Chromoblastomycosis is a cutaneous infection caused by dematiaceous (pigmented) fungi. Symptoms are ulcerating nodules on exposed body parts; extracutaneous infections (termed phaeohyphomycosis) in subcutaneous tissues, sinuses, the brain, and other tissues may occur. Diagnosis is by appearance, histopathology, and culture. Treatment is with itraconazole, another azole, or flucytosine and surgical excision.
Chromoblastomycosis is a cutaneous infection affecting normal, immunocompetent people mostly in tropical or subtropical areas; it is characterized by formation of papillomatous nodules that tend to ulcerate. Pigmented fungi have been increasingly recognized as opportunists affecting immunosuppressed patients. These infections are caused by many kinds of dark, melanin-pigmented dematiaceous fungi including species of Bipolaris, Cladophialophora, Cladosporium, Drechslera, Exophiala, Fonsecaea, Phialophora, Xylohypha, Ochronosis, Rhinocladiella, Scolecobasidium, and Wangiella.
Symptoms and Signs
Most infections begin on the foot or leg, but other exposed body parts may be infected, especially where the skin is broken. Early small, itchy, enlarging papules may resemble dermatophytosis (ringworm). These papules extend to form dull red or violaceous, sharply demarcated patches with indurated bases. Several weeks or months later, new lesions, projecting 1 to 2 mm above the skin, may appear along paths of lymphatic drainage. Hard, dull red or grayish cauliflower-shaped nodular projections may develop in the center of patches and gradually extend to cover extremities for up to 4 to 15 yr. Lymphatics may be obstructed, itching may persist, and secondary bacterial superinfections may develop, causing ulcerations and occasionally septicemia.

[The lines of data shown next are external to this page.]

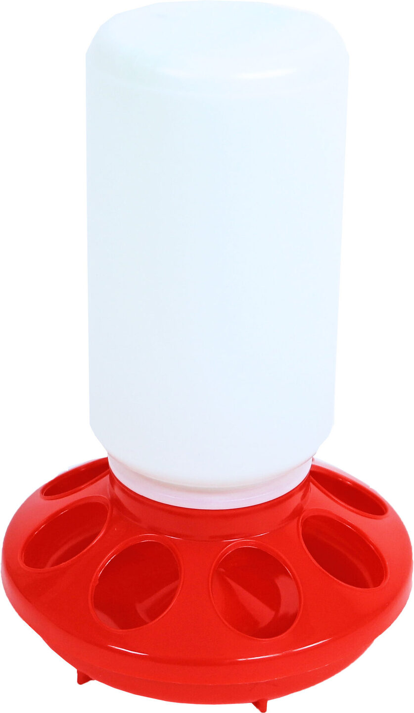 Deze voerfontein van plastic is erg handig om te gebruiken als voertoren voor meerdere kuikens. De voerbak is rondom opgesplitst in meerdere compartimenten. Hierdoor heeft elk kuikentje zijn eigen eethoekje.
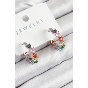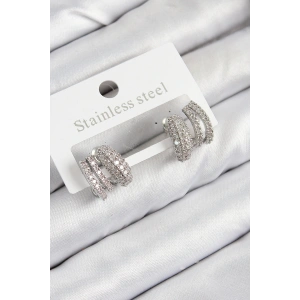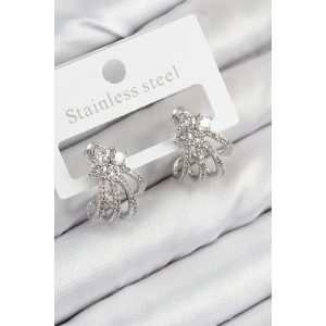 Pirinç Zirkon Taşlı Model Gümüş Renk Kadın Küpe
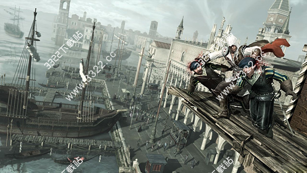 上都有一定的提高。先说攀爬,类似于跑酷的飞檐走壁在游戏中占极大的比重。想要发动鹰眼则必须攀爬到一些高层建筑上,这也是游戏的乐趣之一。站在高处俯看城镇,有种豁然开朗的感觉。借助攀爬和各种技巧接近敌人并将其暗杀成为游戏的精髓之一,前作中的融入教徒掩护自己的设定本作则可以随便融入人群或者去雇佣人群(J女和保镖等)。
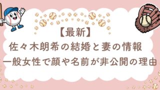 佐々木朗希の結婚相手は誰?妻は一般女性で詳細は非公開です。本記事では結婚の背景や理由、馴れ初めの可能性、世間の反応までわかりやすく解説します。気になる疑問をまとめてチェックできます。
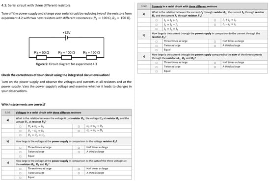 The base assumption of the CLT [,] is that of a limited working memory in which the learner must process all provided information in the form of elements and integrate them into their long-term memory, which is assumed to be unlimited. This cognitive load imposed on the learner can thereby be described in three categories: (a) intrinsic cognitive load (ICL) caused by the inherent complexity of the learning content, (b) extraneous cognitive load (ECL) caused by tasks that are not relevant to the learning process, and (c) germane cognitive load (GCL) describing the load created by the learning process itself. To measure these three categories of cognitive load in educational laboratory settings, for example, a questionnaire developed by Thees et al. [] can be used. Following the assumptions of the CLT, the ECL should be kept minimal to free capacity in the limited working memory for meaningful processing.
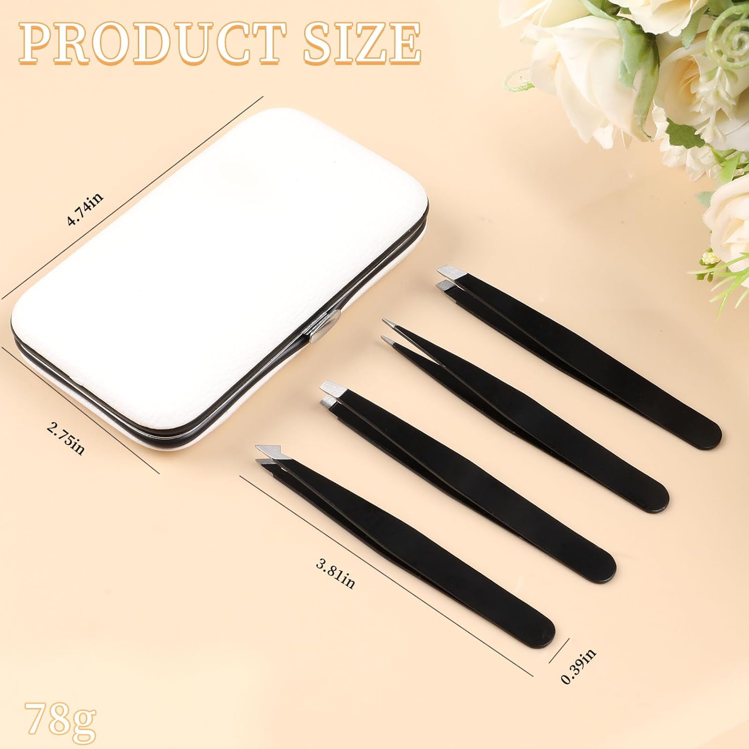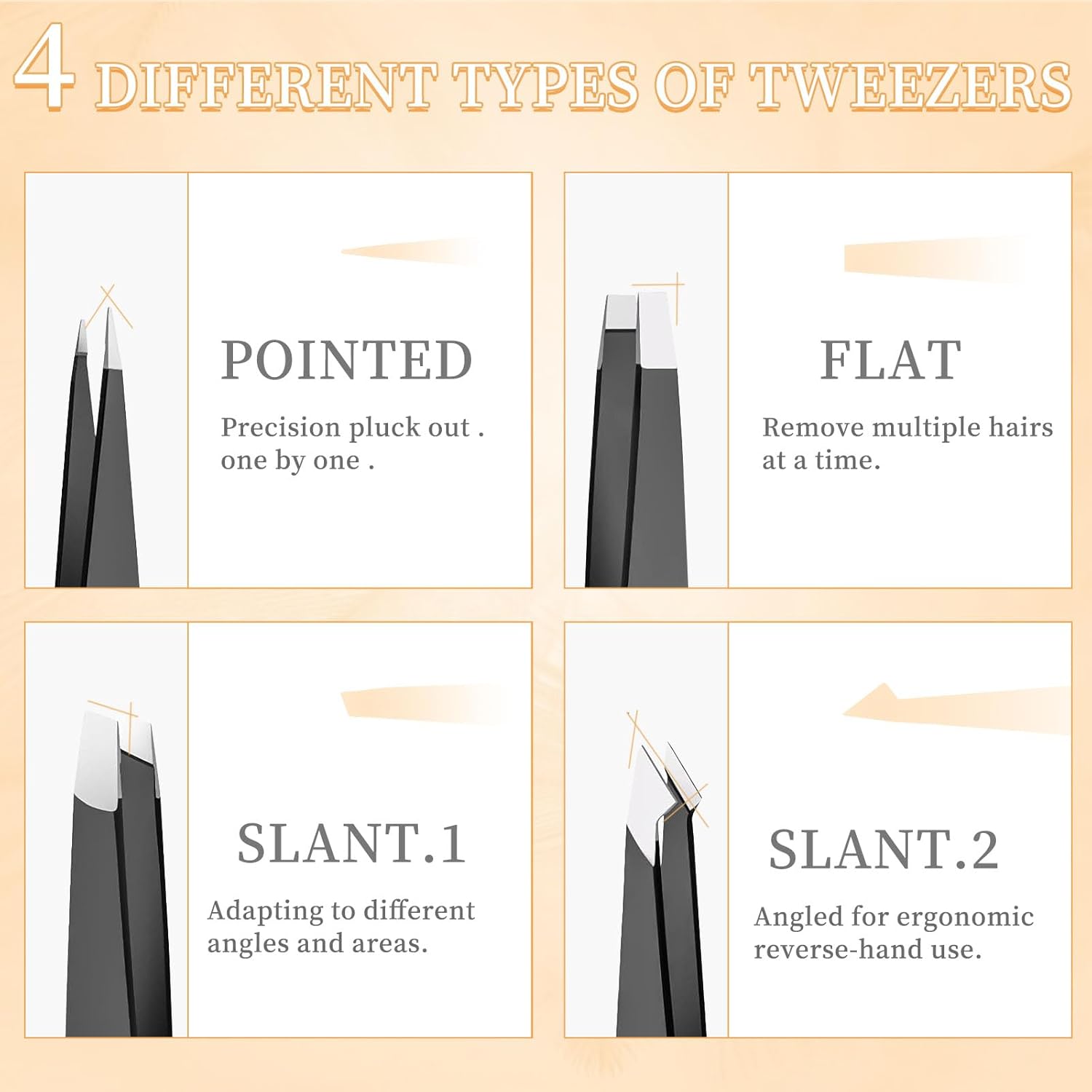 🎧4-PIECE PRECISION TWEEZERS SET: This set contains classic, slant, pointed, pointed and slant tweezers to meet different needs. Each tweezer for eyebrows is of high quality, lightweight and portable, not easily deformed, and elastic, making it easy to handle various problems.

Extracutaneous infections (phaeohyphomycosis) may occur. They include invasive sinusitis, sometimes with bone necrosis, as well as subcutaneous nodules or abscesses, keratitis, lung masses, osteomyelitis, mycotic arthritis, intramuscular abscess, endocarditis, brain abscess, and chronic meningitis.
Dematiaceous fungi only rarely cause fatal infections in patients who have normal, intact host defense mechanisms. Life-threatening illnesses occur more often in immunocompromised patients.
Late chromoblastomycosis lesions have a characteristic appearance, but early lesions may be mistaken for dermatophytoses. Phaeohyphomycosis must be distinguished from myriad other infectious and noninfectious conditions by histopathology and culture.
Dematiaceous fungi are frequently discernible in tissue specimens stained with conventional hematoxylin and eosin; they appear as septate, brownish bodies, reflecting their natural melanin content. Fontana-Masson staining for melanin confirms their presence. Culture is needed to identify the causative species.
Itraconazole is the most effective drug, although not all patients respond. Flucytosine is sometimes added to prevent relapse. Fluconazole seldom causes lesions to regress, and amphotericin B is ineffective. The role of voriconazole and posaconazole has not yet been determined.
Many cases require surgical excision for cure.